Совет народных комиссаров, скорее всего, просто решил облегчить себе работу. Вся власть в городе передавалась Военно-Революционному комитету под председательством представителя Совнаркома. Сам ВРК был сформирован из представителей краевого Исполкома, Военного Совета, Совета моряков и Союза демобилизованных.
Обоснование к введению военного положения выглядело так: «По улицам собираются толпы, не позволяя ни пройти, ни проехать мирным жителям. Открытой агитацией возбуждаются рабочие, ловцы, осаждающие Исполком, отдельные комиссариаты, народным избранникам угрожают насилием.
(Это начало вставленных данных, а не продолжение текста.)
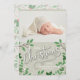As palavras Feliz Natal, folhas e bagas brancas destacam sua foto favorita de recém-nascido com seus nomes e saudações em letra chica. A informação de nascimento do seu bebê nas costas. Você pode mudar a cor de fundo na parte frontal, na parte superior e inferior. **ADICIONE mais fotos no verso também! Selecione Matte para o papel mais pesado e alta definição para melhor qualidade de impressão.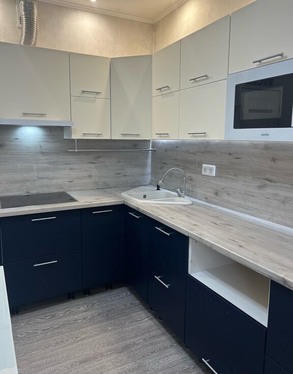 встроенная микроволновка,индукционная плита,холодильник,чайник, посуда(духовка обговаривается по необходимости)Есть стол раздвижной и угловой диван раскладной, который можно использовать как доп спальное место.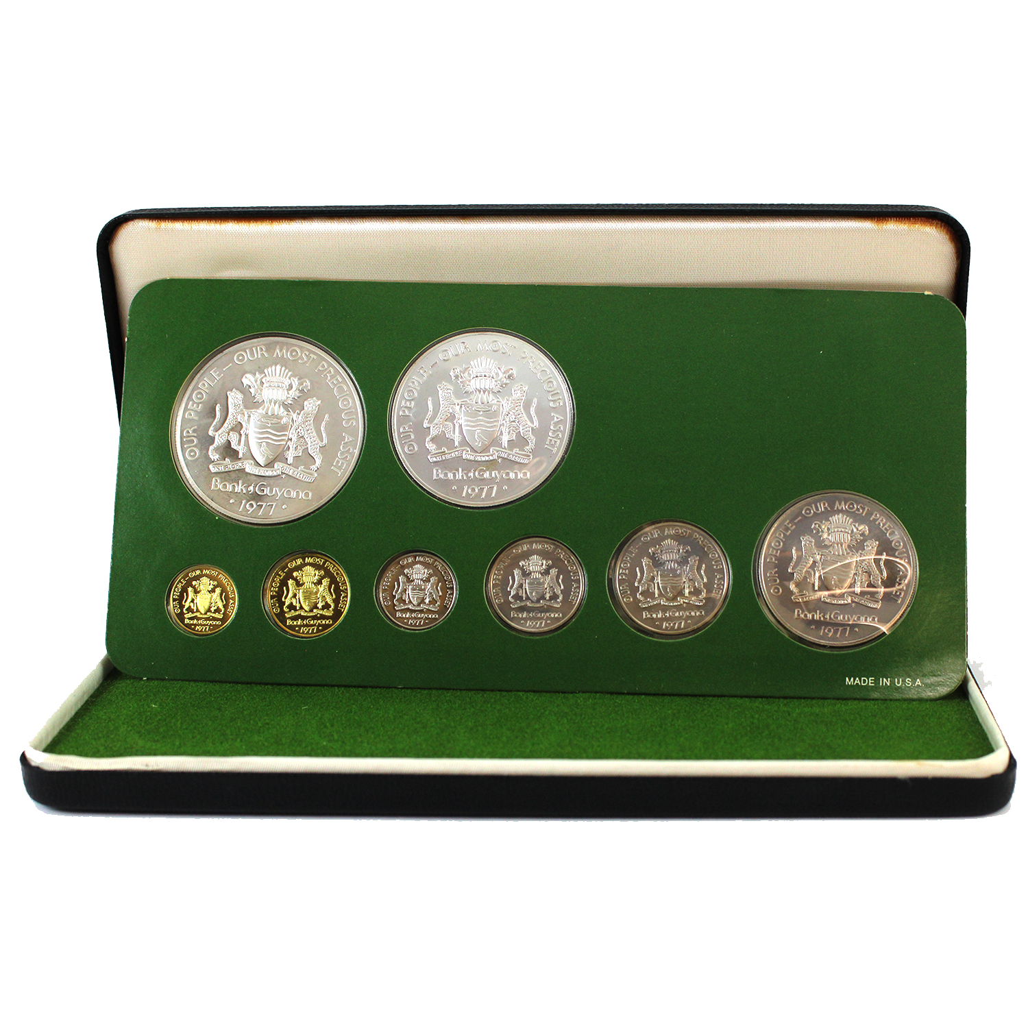 The $10 and $5 coin are silver and contain 1.88oz fine. Some coins toned, holder has some sticker residue & case has a few marks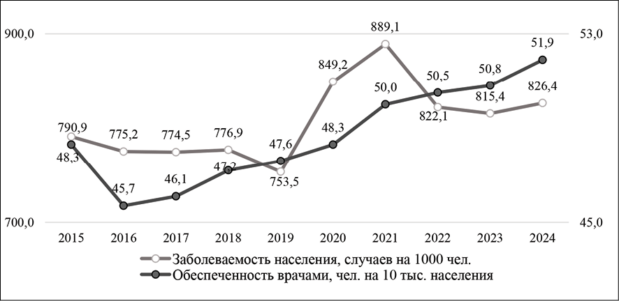 Сопоставление основных трендов уровня заболеваемости населения и уровня обеспеченности врачами в исследуемом периоде показало, что даже в условиях постоянного повышения числа врачей в расчете на 10 тыс. населения страны заболеваемость изменяется волнообразно, существенно снижаясь к 2019 году – до 753 случаев на 1000 населения, а в 2020-2021 гг. достигла максимума – 849-889 случае на 1000 населения. В 2023-2024 гг. произошло снижение уровня заболеваемости населения, а обеспеченность врачами продолжила расти. Несмотря на это, заболеваемость населения даже в условиях относительно высокого уровня обеспеченности врачами существенно выше, чем в доковидный период, когда на 10 тыс. населения приходилось только 45-47 врачей.
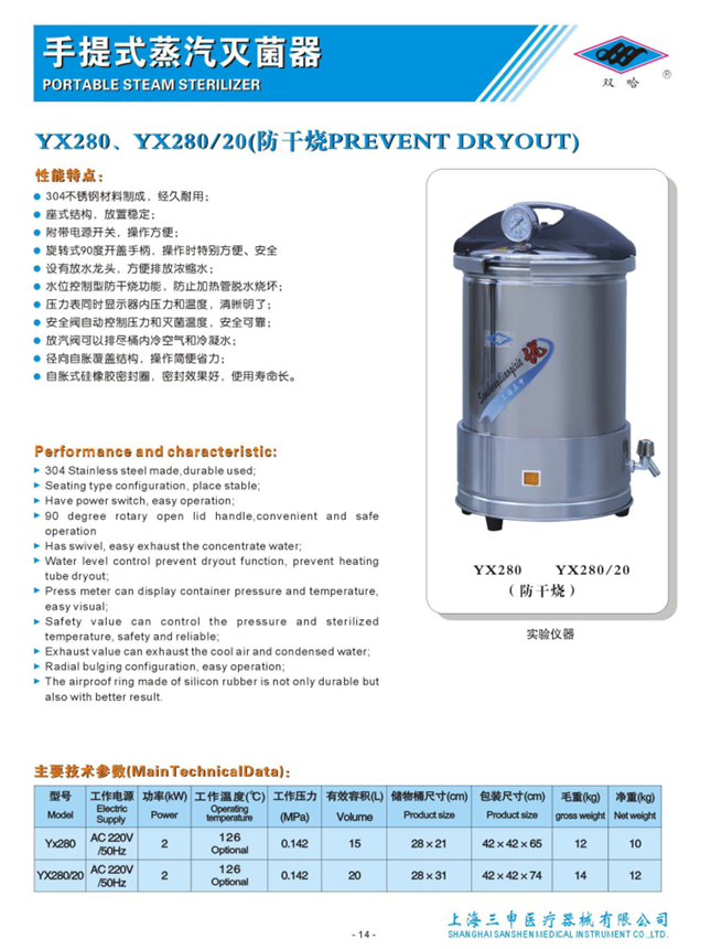 产品名称: YX280手提式不锈钢压力蒸汽灭菌器(防干烧)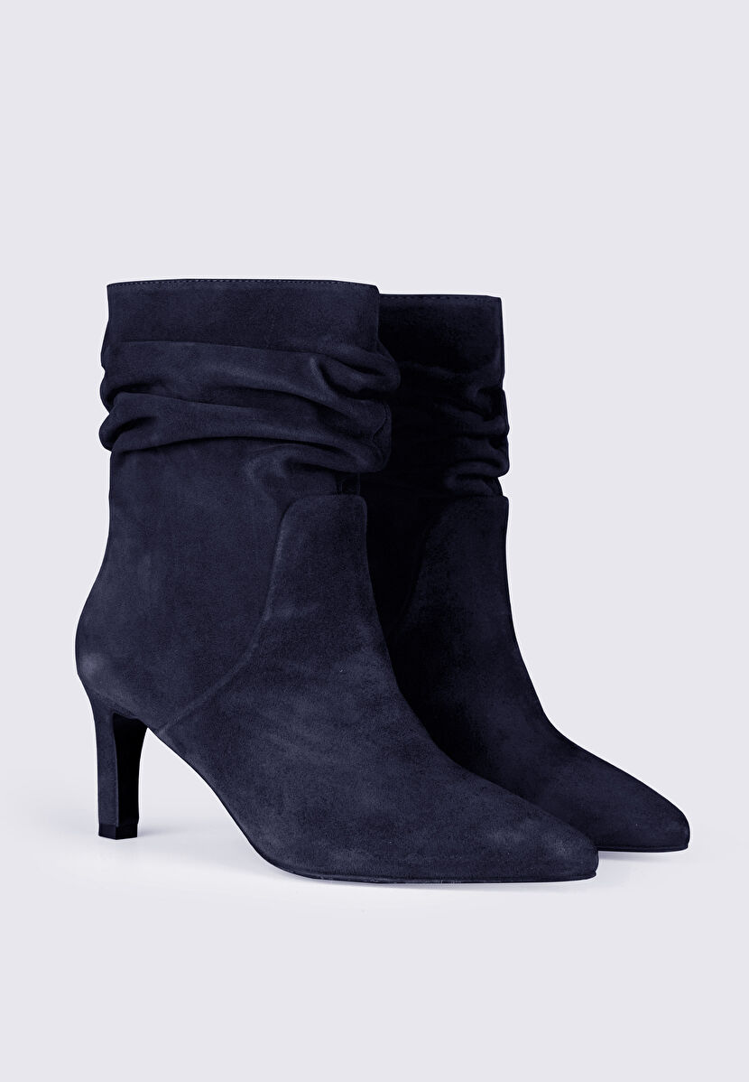 Navy Blue Suede Heeled Boots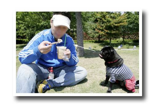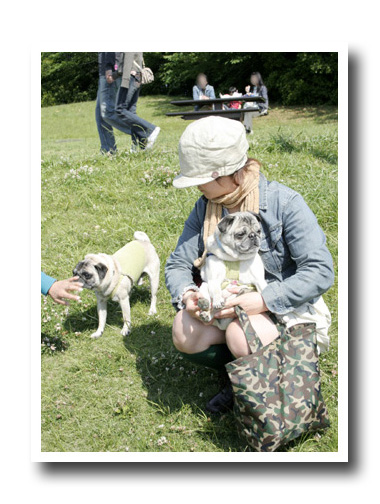 お弁当を食べていたらパグミに参加されるパグちゃん連れの人に遭遇!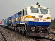 The EMD GT46PAC or WDP4 is a passenger-hauling diesel-electric locomotive with AC electric transmission designed by General Motors Electro-Motive Division and built by both GM-EMD and under license by Banaras Locomotive Works (BLW) of Varanasi, India for Indian Railways as the classes WDP4, WDP4B and WDP4D.[1] The GT46PAC is a passenger version of the previous Indian Railways EMD GT46MAC freight locomotive. The locomotive has a 16-cylinder 710G3B diesel engine and is one of the fastest diesel-electric locomotives in service in Indian Railways.[2]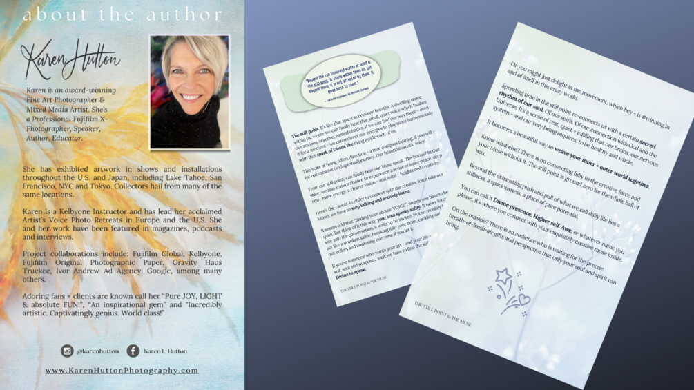 If you've ever wanted to connect with YOUR purpose, find your artistic voice in your Art or Photography, or even simply find some peace of mind in a world gone mad... this is the eBook for you. It's literally 5 pages long. And costs nothing. But it might just change your life.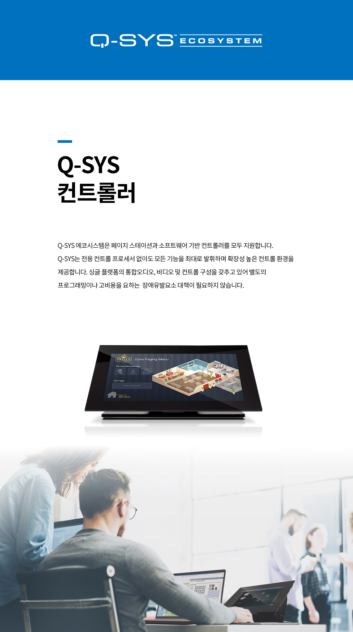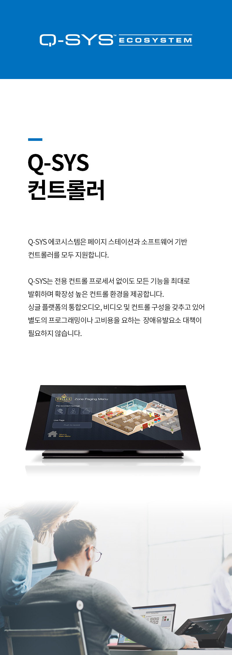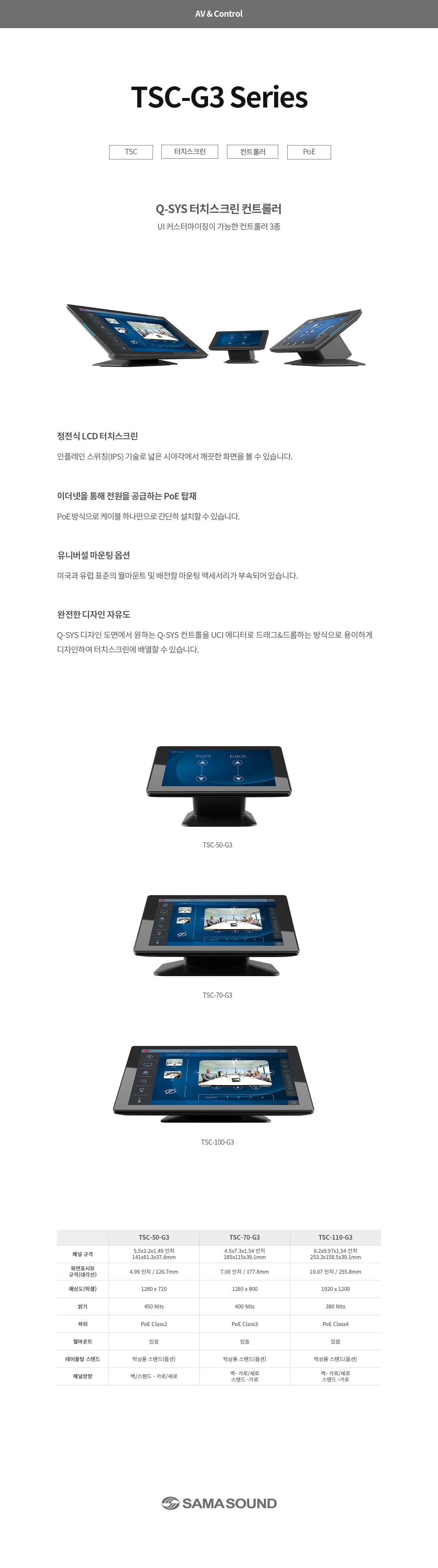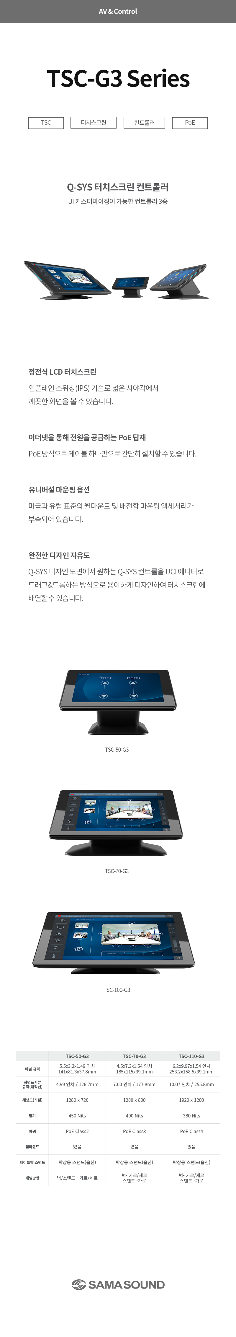 TSC-G3 Series는 UI 커스터마이징이 가능한 터치스크린 컨트롤러입니다. Q-SYS 디자인 도면에서 원하는 Q-SYS 컨트롤을 UCI 에디터로 드래그&드롭하는 방식으로 용이하게 디자인하여 터치스크린에 배열할 수 있습니다. 인플레인 스위칭(IPS) 기술로 넓은 시야각에서 깨끗한 화면을 볼 수 있으며 PoE 방식으로 케이블 하나만으로 간단한 설치가 가능합니다.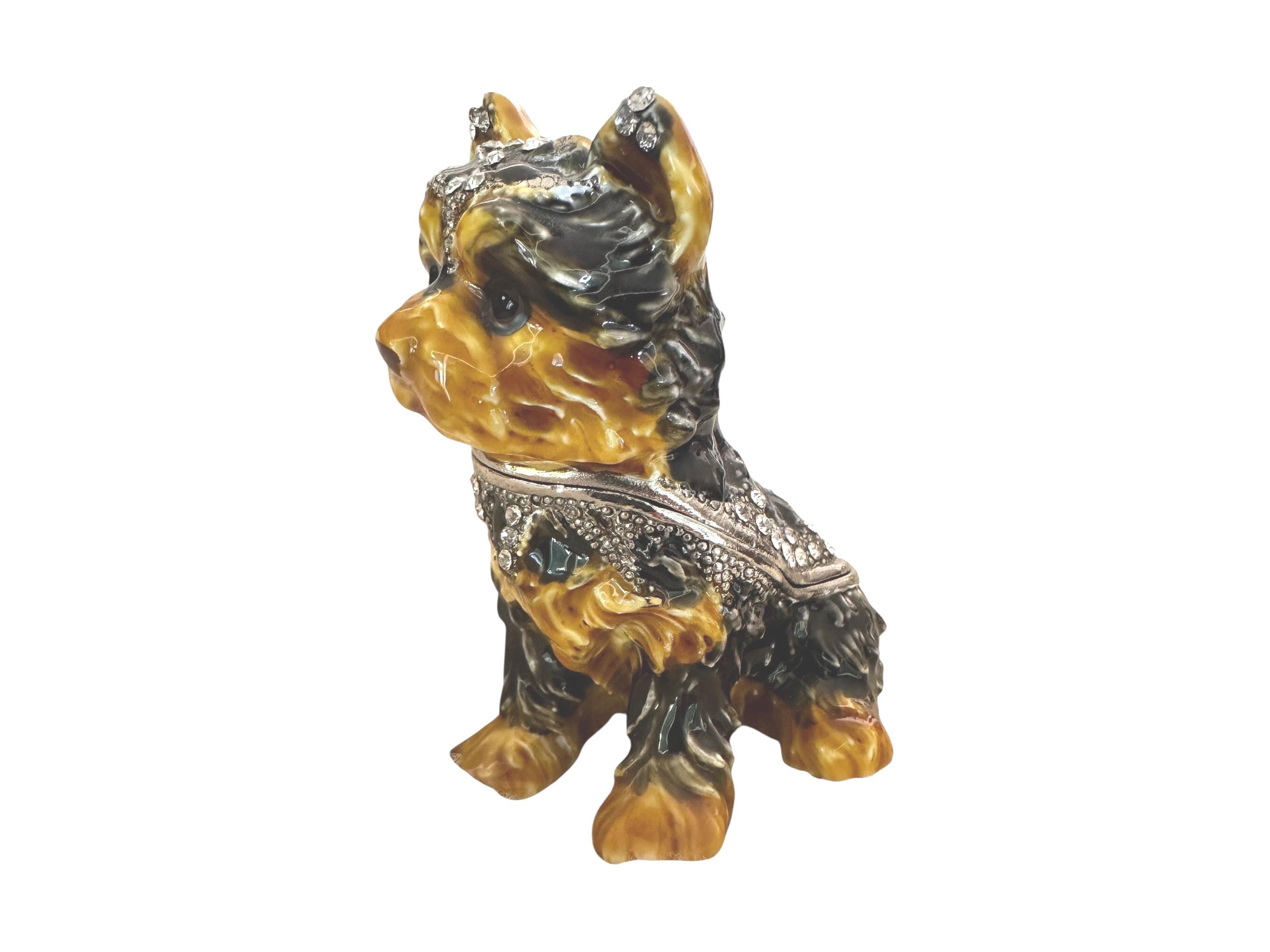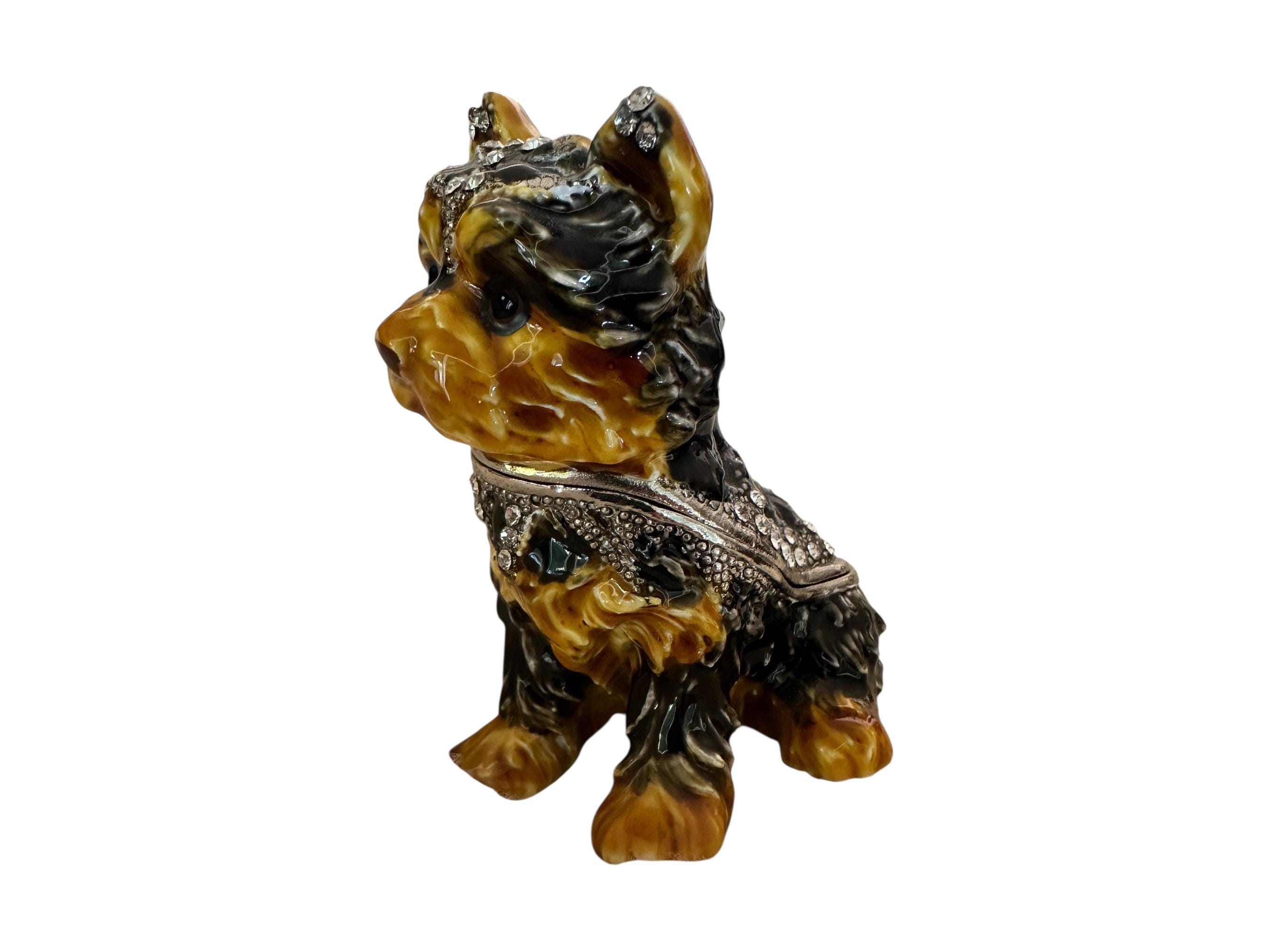 Handcrafted jeweled trinket box featuring a Yorkshire Terrier

В связи с этими обстоятельствами воспрещаются всякие уличные сборища где бы то ни было. Закрытые собрания разрешаются Военно-революционным комитетом каждый раз по особому заявлению. Воспрещаются всякие массовые делегации в Исполком, банки, Комиссариаты, Совнарком. С 21.00 вводится комендантский час. Все виновные в открытой агитации против власти Советов, все спекулянты и занимающиеся саботажем лица будут выселяться из пределов города, предаваться народному суду и назначаться на принудительные общественные работы»[565].
Как видим, нарушители правил о собраниях и комендантского часа, несмотря на все грозные заявления комиссаров, ничем особым не рисковали. Выселять из города их было некуда, и максимум, чем они рисковали, – так это быть привлеченными к уборке центра Астрахани от завалов, оставшихся после январских боев.
Кстати, о январских боях. В мае состоялся суд над мятежниками. Он шел со свидетелями защиты и адвокатами, которые рассказывали, что подсудимые вышли из низов и всегда были друзьями народа[566].
Из сорока обвиняемых:
– четверо бежали;
– семь были оправданы;
– 15 были приговорены к лишению политических прав, общественным работам, публичному порицанию или обязанности регулярно отмечаться в милиции.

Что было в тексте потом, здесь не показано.